- Brief
Go to the line with "本次音乐会不仅集结了何占豪、" in the entries below and write out every line from there through the line with "STOCK Sitzende Frau", exactly and without pictures.

- Records provided
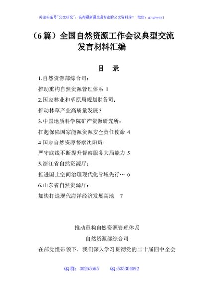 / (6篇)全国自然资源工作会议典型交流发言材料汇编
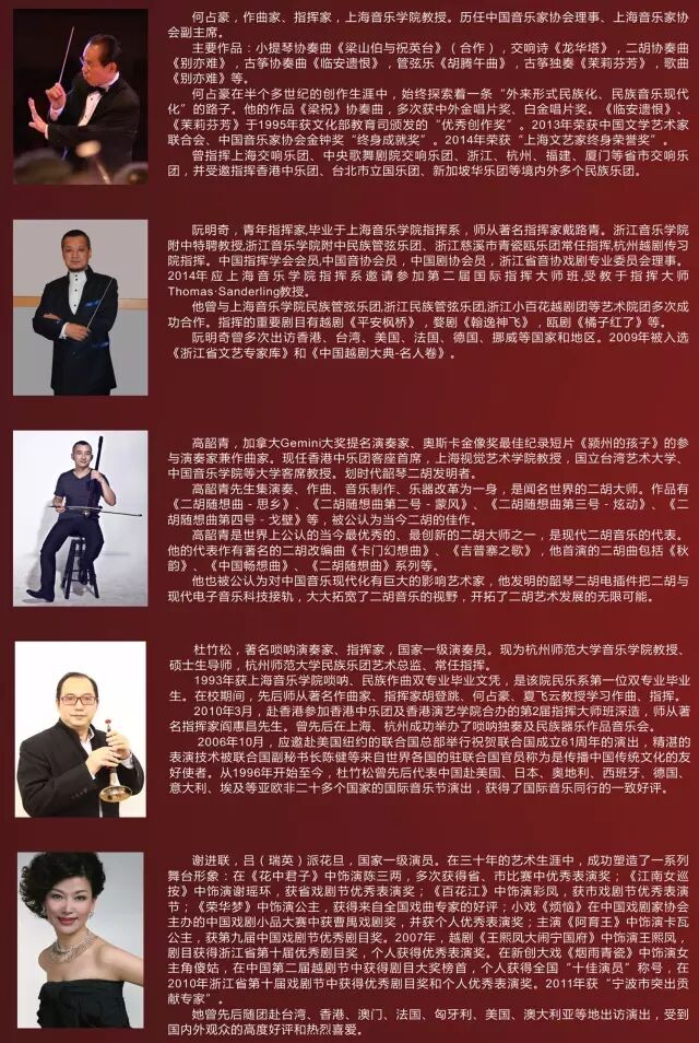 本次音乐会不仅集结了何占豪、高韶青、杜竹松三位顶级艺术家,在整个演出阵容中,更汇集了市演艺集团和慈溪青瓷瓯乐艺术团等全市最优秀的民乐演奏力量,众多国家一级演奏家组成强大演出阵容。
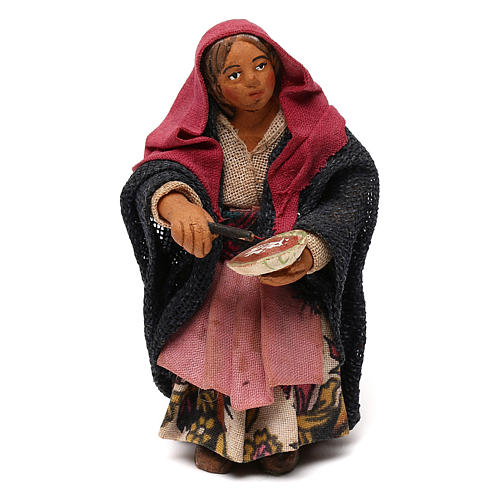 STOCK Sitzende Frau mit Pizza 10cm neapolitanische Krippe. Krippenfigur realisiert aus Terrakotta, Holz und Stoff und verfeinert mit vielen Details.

* * *

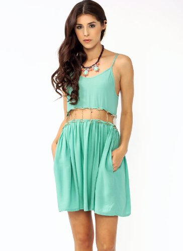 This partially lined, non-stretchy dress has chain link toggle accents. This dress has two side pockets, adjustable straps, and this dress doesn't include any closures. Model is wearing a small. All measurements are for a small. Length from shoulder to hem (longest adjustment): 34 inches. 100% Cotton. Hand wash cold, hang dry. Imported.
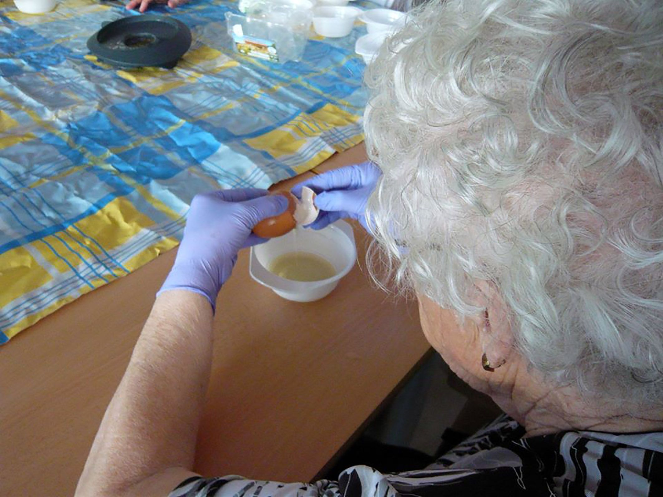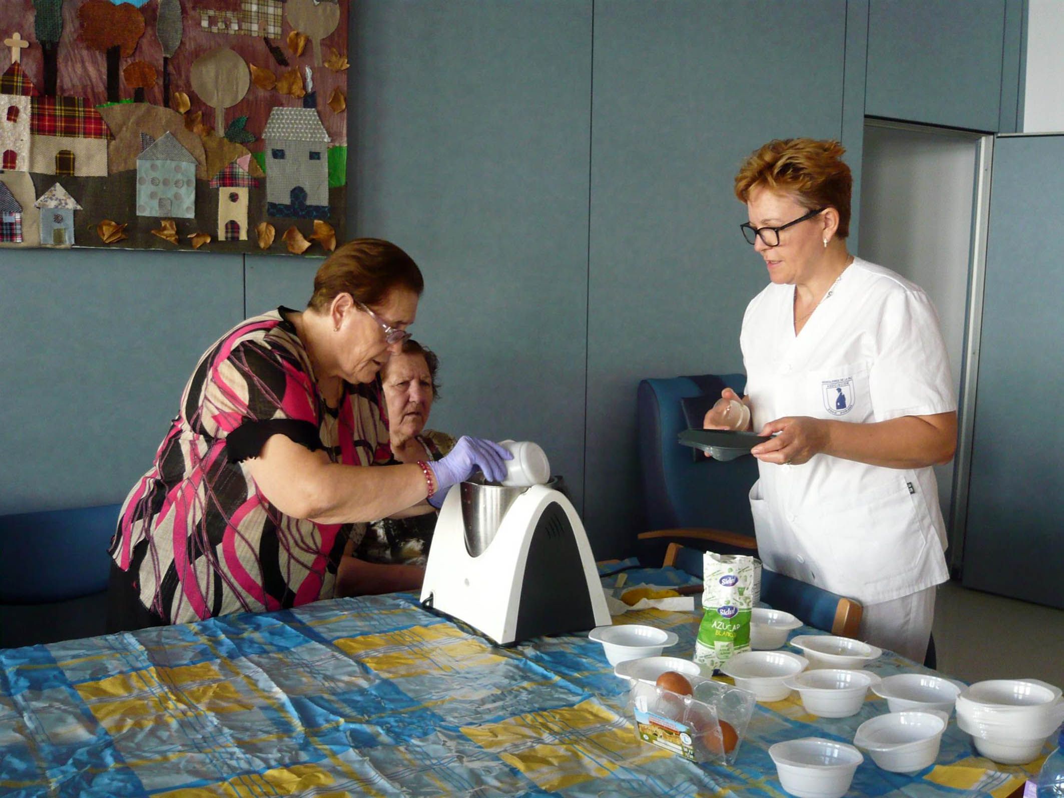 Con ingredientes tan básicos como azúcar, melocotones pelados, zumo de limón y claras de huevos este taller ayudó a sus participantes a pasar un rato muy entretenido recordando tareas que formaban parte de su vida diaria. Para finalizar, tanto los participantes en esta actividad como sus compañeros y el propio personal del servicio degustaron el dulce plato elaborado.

- Answer to this problem
 本次音乐会不仅集结了何占豪、高韶青、杜竹松三位顶级艺术家,在整个演出阵容中,更汇集了市演艺集团和慈溪青瓷瓯乐艺术团等全市最优秀的民乐演奏力量,众多国家一级演奏家组成强大演出阵容。
 STOCK Sitzende Frau mit Pizza 10cm neapolitanische Krippe. Krippenfigur realisiert aus Terrakotta, Holz und Stoff und verfeinert mit vielen Details.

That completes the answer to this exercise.